Transcribe all the entries word for word, omitting any pictures they contain.

Top of Recorded data

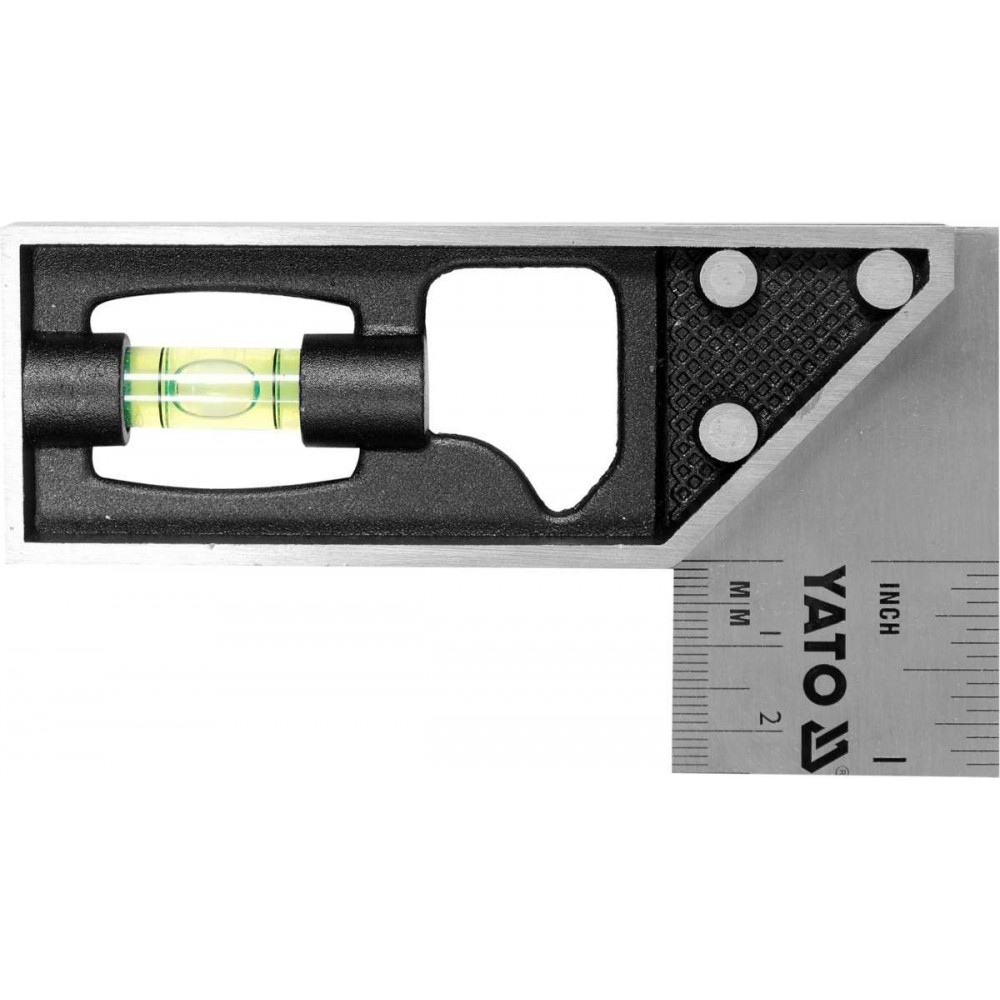 Кутник слюсара з нержавіючої сталі YATO: 90° з метричною шкалою і рівневою капсулою, 150 мм
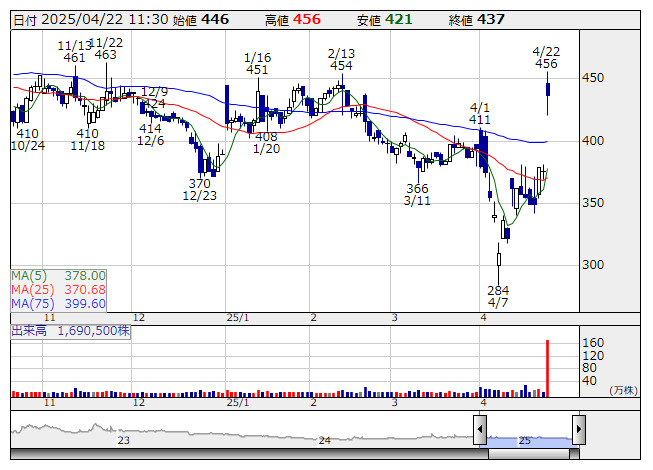 「25年3月期営業最高益に上方修正」と報じられた坪田ラボ <4890> や、マツモト <7901> は一時ストップ高まで買い進まれた。
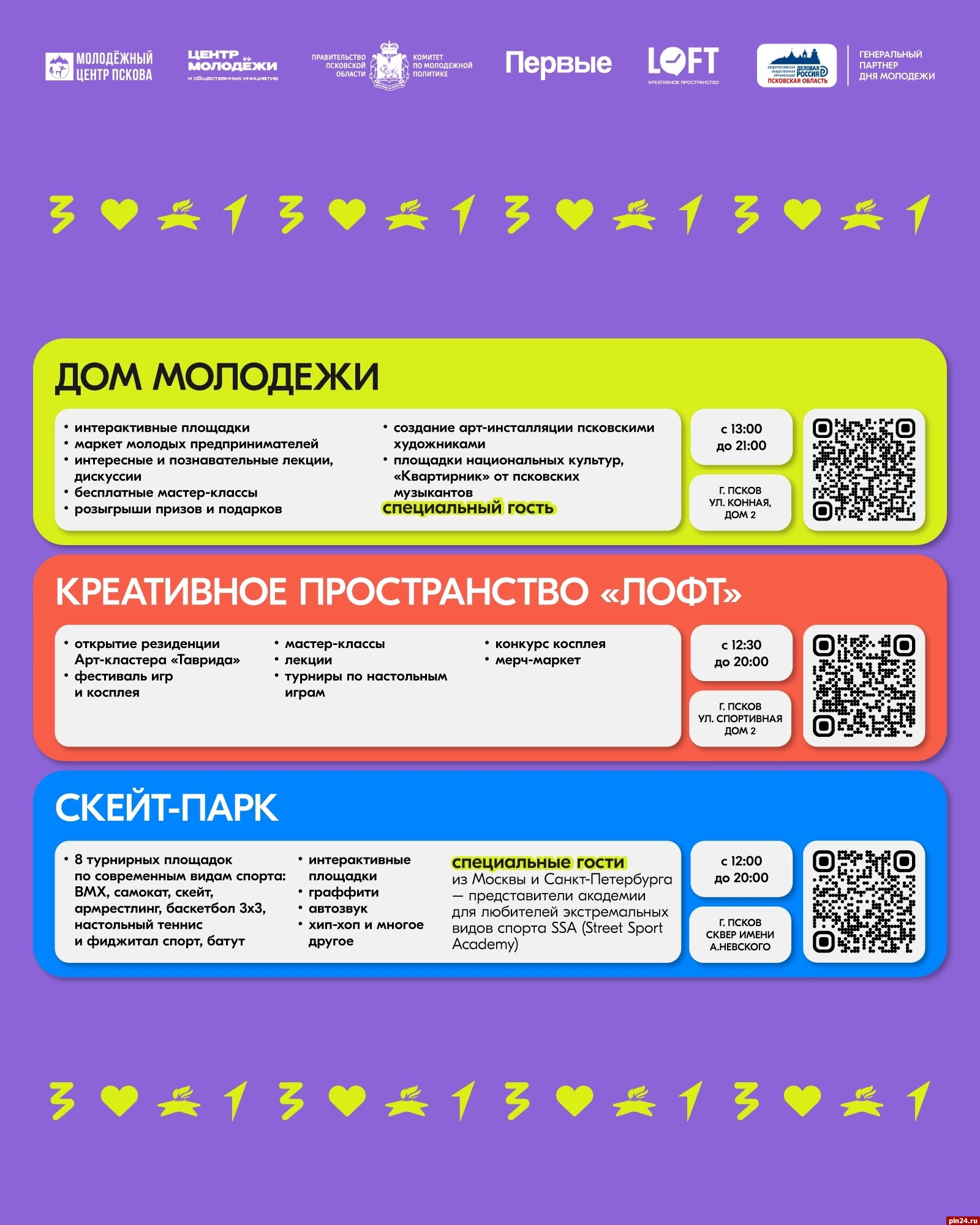 В Пскове праздник развернется одновременно на трех локациях. С 13:00 до 20:00 в Доме молодежи гостей будут ждать интерактивные площадки, маркет молодых предпринимателей, познавательные лекции, дискуссии, бесплатные мастер-классы, розыгрыши призов и подарков. Участники смогут увидеть создание арт-инсталляции от псковских художников.
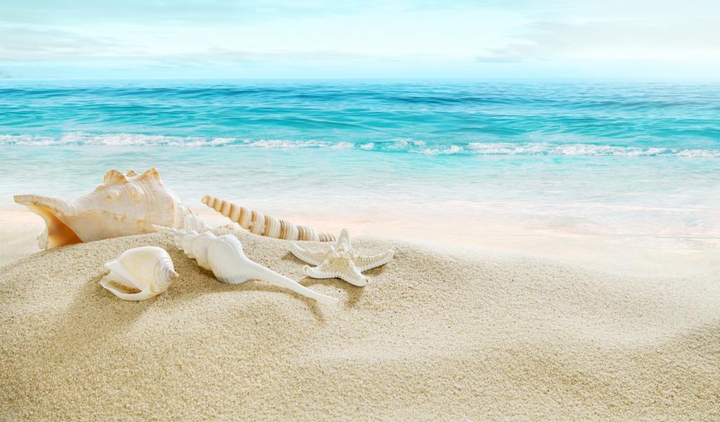 Wallpaper Shells on white sand on the coast near the sea
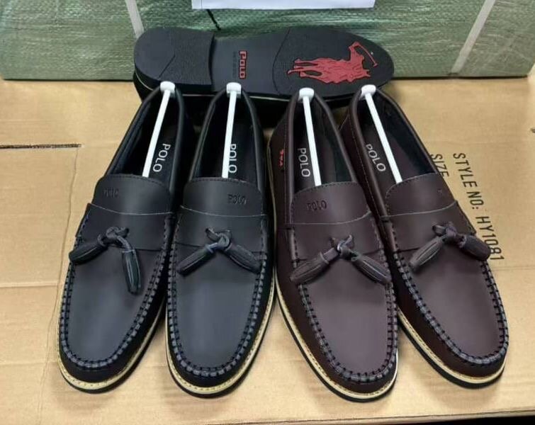 Adoptez un look raffiné avec ces mocassins en cuir Polo, parfaits pour les hommes modernes. Conçus avec soin, disponibles en noir classique et marron chic, et ornés de pompons élégants. Idéals pour les tenues formelles et décontractées.

Bottom of Recorded data

• Answer space:
 Кутник слюсара з нержавіючої сталі YATO: 90° з метричною шкалою і рівневою капсулою, 150 мм
 「25年3月期営業最高益に上方修正」と報じられた坪田ラボ <4890> や、マツモト <7901> は一時ストップ高まで買い進まれた。
 В Пскове праздник развернется одновременно на трех локациях. С 13:00 до 20:00 в Доме молодежи гостей будут ждать интерактивные площадки, маркет молодых предпринимателей, познавательные лекции, дискуссии, бесплатные мастер-классы, розыгрыши призов и подарков. Участники смогут увидеть создание арт-инсталляции от псковских художников.
 Wallpaper Shells on white sand on the coast near the sea
 Adoptez un look raffiné avec ces mocassins en cuir Polo, parfaits pour les hommes modernes. Conçus avec soin, disponibles en noir classique et marron chic, et ornés de pompons élégants. Idéals pour les tenues formelles et décontractées.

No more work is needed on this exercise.